For Ukraine’s ambassador to Canada, Yuliya Kovaliv, the candour was tempered with a heartfelt plea – and it trumped all the talk about economic development potential.

In a nutshell: “We need your help … and we need it now.”

Background, colour, and context: as Calgarians, Albertans, Canadians and global visitors kicked off The Greatest Outdoor Show on Earth, a tiny corner of downtown Cowtown hosted a discussion about the Greatest Current Human Tragedy on Earth.

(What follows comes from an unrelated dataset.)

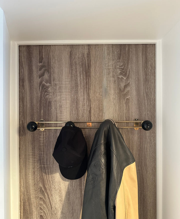 - Longueur : 60 cm - Hauteur : 4 cm - profondeur des patères : 10,5 cm

In the Calgary Petroleum Club’s Trophy Lounge, a small gathering of business leaders listened to the ambassador and Ukrainian parliamentarians discuss the daily realities of life in Ukraine. They did so with a candour and directness that was as raw as it was impassioned. And it provided a solemn reminder for a city revelling in its western cultural values that the whole world isn’t a big Stampede party.

Far from it.

This was about war. Its brutality. Its costs measured on so many scales, lives lost the heaviest weights. No calf roping or chuck racing applause. No midway games of chance and corndog competition. No beer garden gaieties and country music ribaldries.

Just a country, as parliamentarian Mykyta Poturaiev noted, fighting for its very existence.

But as he stressed, this is the world’s war, as much as it is Ukraine’s.

No one in the room disagreed.

Indeed, in the Trophy Lounge, there was optimism.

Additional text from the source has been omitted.